> [YOUR TASK]: Stop at the line that contains "In most scenarios, you". Until then, set down each line of the records exactly, beginning with the first, and skip pictures.

↓↓↓

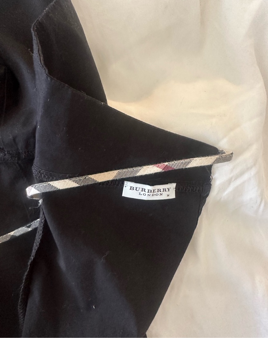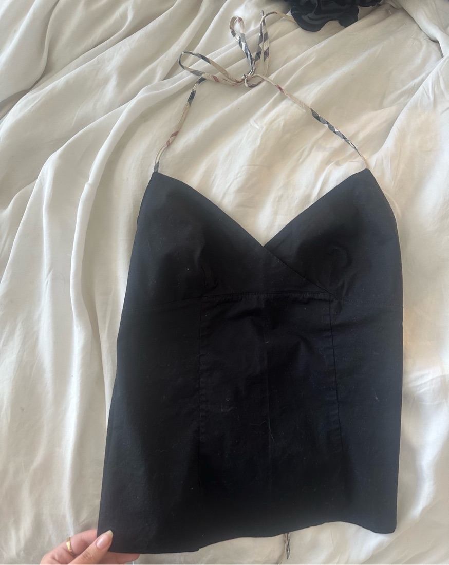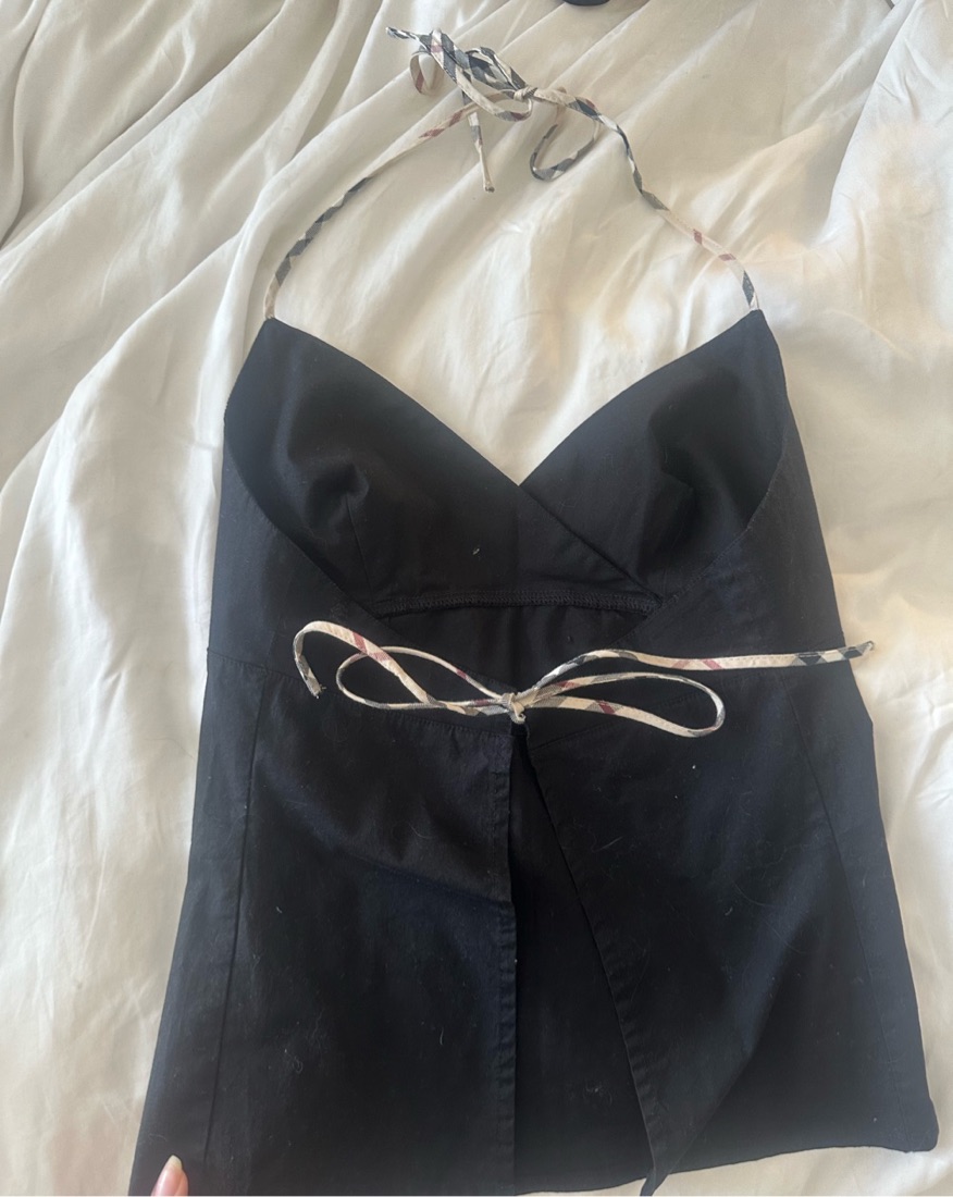 Black halter tank top by Burberry with adjustable ties at halter and back
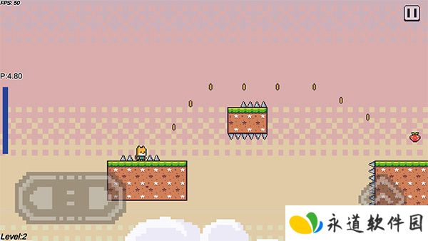 2、长按跳跃键可以喷气,让小狐狸飞起来,玩家可以控制好方向收集上方的金币,收集到草莓就可以通过关卡。
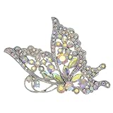 Here is a beautiful aurora borealis crystal butterfly brooch. It measures 2.5" tall and 1 3/4" wide. Brooch can be pinned on many different things to make a great fashion statement! This beautiful brooch pin comes to you in a foil gift box though may be a different box color than the one shown.
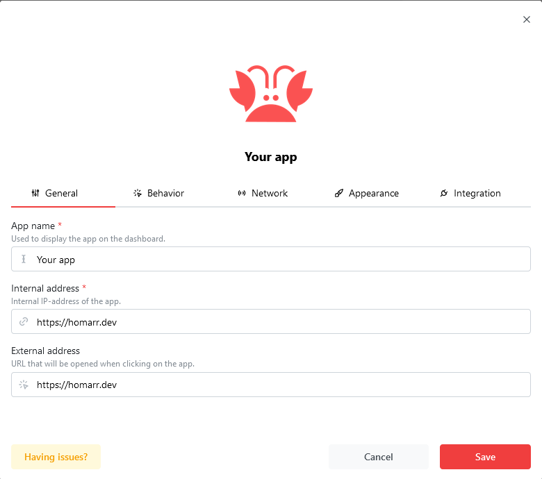 In most scenarios, you should set the internal IP address to the LAN address (this means your local IPv4 address). Homarr will use this IP to communicate with your app if needed. The external address is only used, when the user clicks on the app. Therefore, this should be something that is always reachable. If you use a domain, (Cloudflare) tunnels or a reverse proxy, you should set this to their respective hostname. Otherwise, you can use the same value as for internal address.
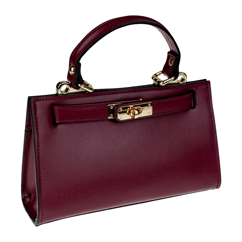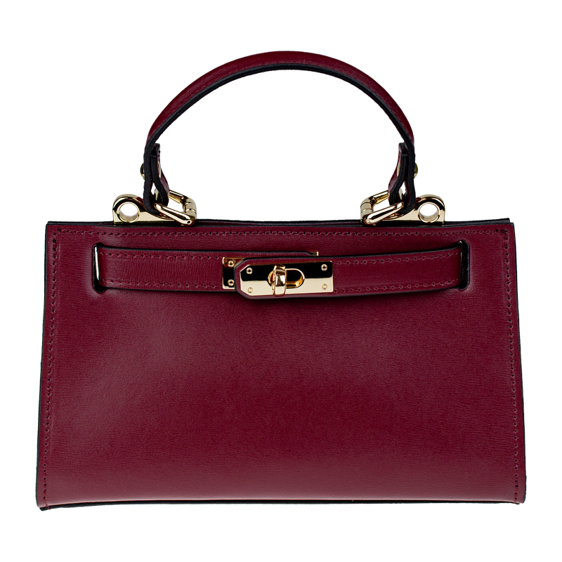 Malá kabelka z pevné kůže v bordó barvě. Kabelku lze nosit v ruce nebo přes rameno. Max. délka přídavného pásku je 115 cm. Kabelka je vybavena důmyslným  a elegantním zapínáním. Uvnitř kabelky nalezneme kapsu na mobil či klíče.
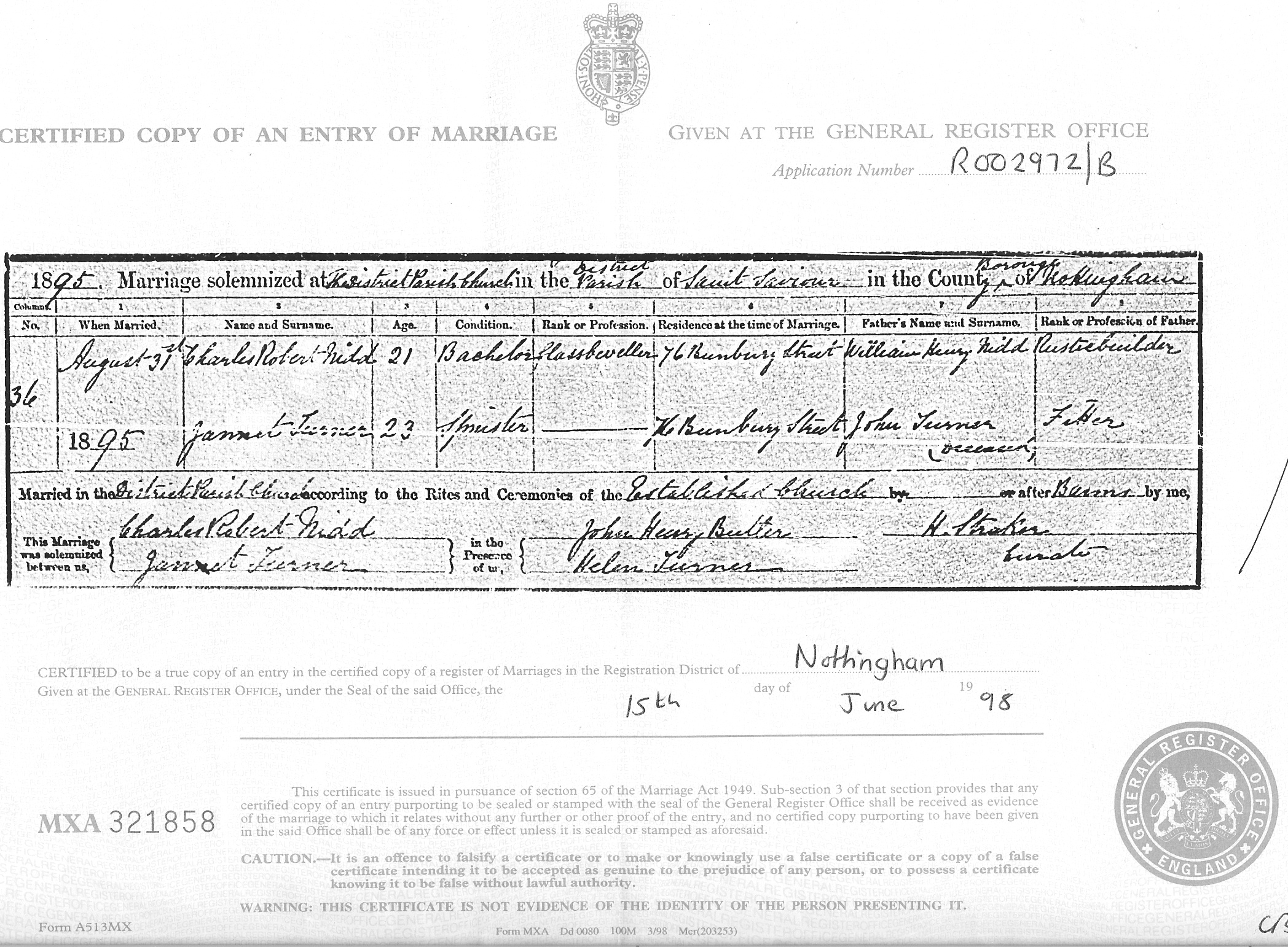 England and Wales, marriage certificate for Charles Robert Nidd and Jannet Turner, married August 31; citing 7b/497/36, September quarter 1895, Nottingham registration district, District Parish Church of St. Saviour sub-district; General Register Office, Southport. Cit. Date: Jun 1998. Cit. ID: MXA 321858, Surety: 4; 1895
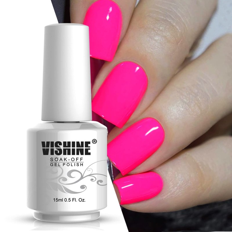 Vishine Nail Gel Polish, 15ml Soak Off Nail Gel Polish Nail Art Manicure Salon DIY at Home Long-lasting - Hot Pink 0.5 OZ
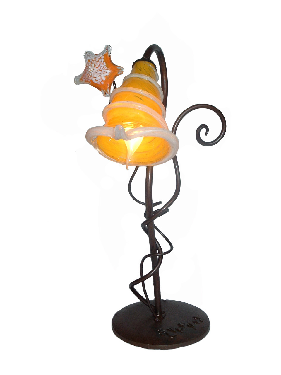 Lámparas sobre mesa. Vidrio soplado y hierro.
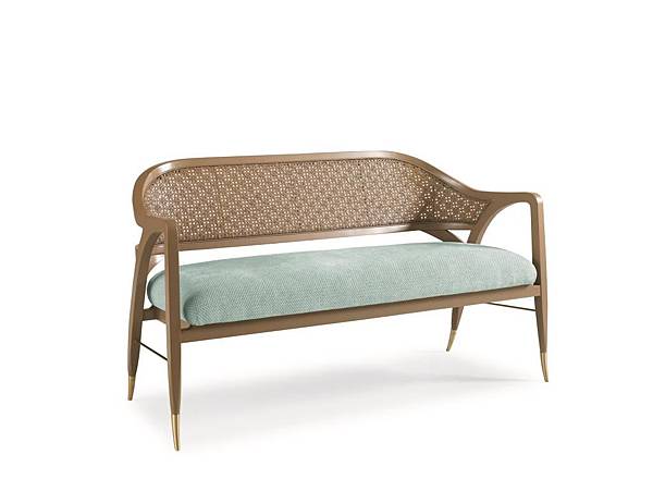 Caracole新品雙人扶手椅,椅身採用香甜的焦糖色彩,搭配淡淡的薄荷綠座椅,椅背採用傳統法式家具常見的藤編元素,但編織出來的圖騰是雪花形狀,更顯時尚浪漫。因為椅面寬度和深度都小巧,擺在走道盡頭、床尾或客廳窗邊,都有自成一格的浪漫魅力。

↑↑↑

> [WRITTEN SOLUTION]:
 Black halter tank top by Burberry with adjustable ties at halter and back
 2、长按跳跃键可以喷气,让小狐狸飞起来,玩家可以控制好方向收集上方的金币,收集到草莓就可以通过关卡。
 Here is a beautiful aurora borealis crystal butterfly brooch. It measures 2.5" tall and 1 3/4" wide. Brooch can be pinned on many different things to make a great fashion statement! This beautiful brooch pin comes to you in a foil gift box though may be a different box color than the one shown.
 In most scenarios, you should set the internal IP address to the LAN address (this means your local IPv4 address). Homarr will use this IP to communicate with your app if needed. The external address is only used, when the user clicks on the app. Therefore, this should be something that is always reachable. If you use a domain, (Cloudflare) tunnels or a reverse proxy, you should set this to their respective hostname. Otherwise, you can use the same value as for internal address.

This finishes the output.